Data Mining and Machine Learning STATS5099

  • Academic Session: 2023-24
  • School: School of Mathematics and Statistics
  • Credits: 10
  • Level: Level 5 (SCQF level 11)
  • Typically Offered: Either Semester 1 or Semester 2
  • Available to Visiting Students: No

Short Description

This course introduces students to modern data mining and machine learning techniques, with an emphasis on practical issues and applications.

Timetable

Mainly consists of asynchronous learning material and drop in tutorial help rooms

Requirements of Entry

Places on this course are limited. Entry is only guaranteed for those students on a programme for which this is a compulsory course

Excluded Courses

Data Mining and Machine Learning 1 (ODL)

Machine Learning

Machine Learning (Level M)

Assessment

End-of-course examination (80%); coursework (20%)

 

Reassessment will, generally, not be available for the coursework.

Main Assessment In: April/May

Course Aims

The aims of this course are:

■ to introduce students to different methods for dimension reduction and clustering (unsupervised learning);

■ to introduce students to a range of classification methods;

■ to equip students to apply machine learning methods to solve applied problems; 

■ to train students to communicate the results of their analyses in clear non-technical language.
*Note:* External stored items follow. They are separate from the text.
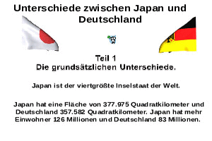 | Unterschiede zwischen Japan und Deutschland Teil 1 Powerpoint (9.21 MB) 49Lustiges → Wissenswertes Das ist mal wieder eine unheimlich interessante und lehrreiche Präsentation. Selbst wenn man nicht vor hat, in nächster Zeit mal nach Japan zu reisen, kann man hier sehr viel an Wissen mitnehmen. Viele der genannten Dinge würde ich mir für unser Land wünschen, was bei den Japanern selbstverständlich ist. | Lustiges → Wissenswertes | 15.05.-22:28 | lucky | |
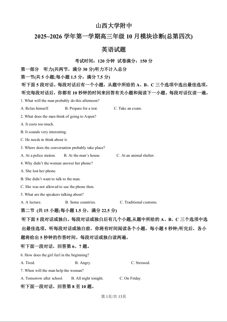 高三英语(原卷版)--山西大学附属中学校2026届高三上学期10月模块诊断(总第四次)
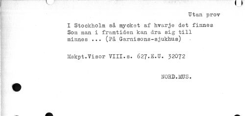 //// Utan prov //// I Stockholm så mycket af hvarje det finnes //// Som man i framtiden kan dra sig till //// minnes ... (På Garnisons-sjukhus) //// Mskpt.Visor VIII.s. 627.E.U. 32072 //// NORD. ms. ////
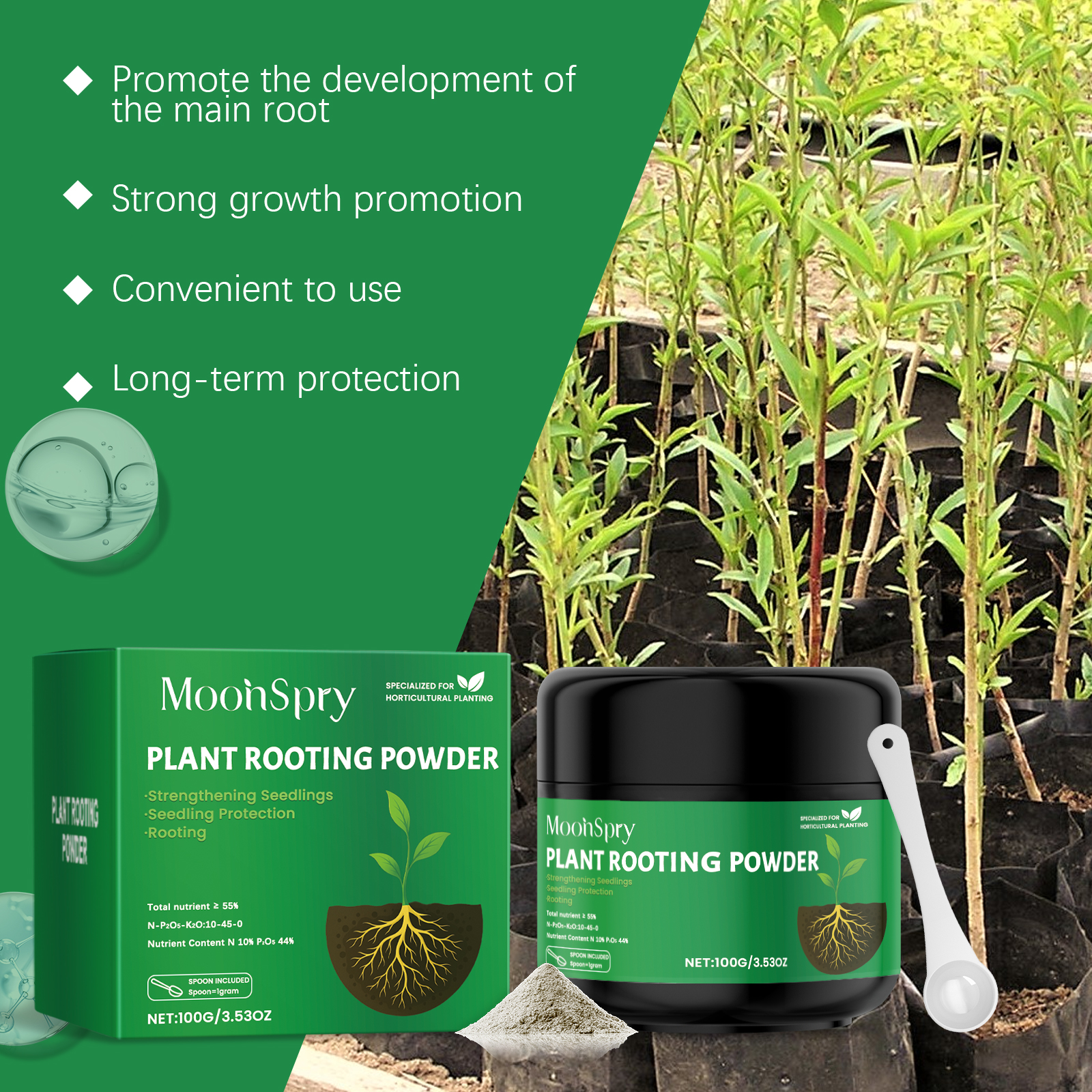 MoonSpry Rooting Powder, Plant Flowers And Promote Root Seedling Improve Art Home Gardening Green Plant General Maintenance

Intended Learning Outcomes of Course

By the end of this course students will be able to:

■ apply and interpret methods of dimension reduction such as principal component analysis;

■ apply and interpret classical methods for cluster analysis;

■ apply and interpret a wide range of methods for classification;

■ select appropriate machine learning methods to solve real-world problems of moderate complexity.

Minimum Requirement for Award of Credits

Students must submit at least 75% by weight of the components (including examinations) of the course's summative assessment.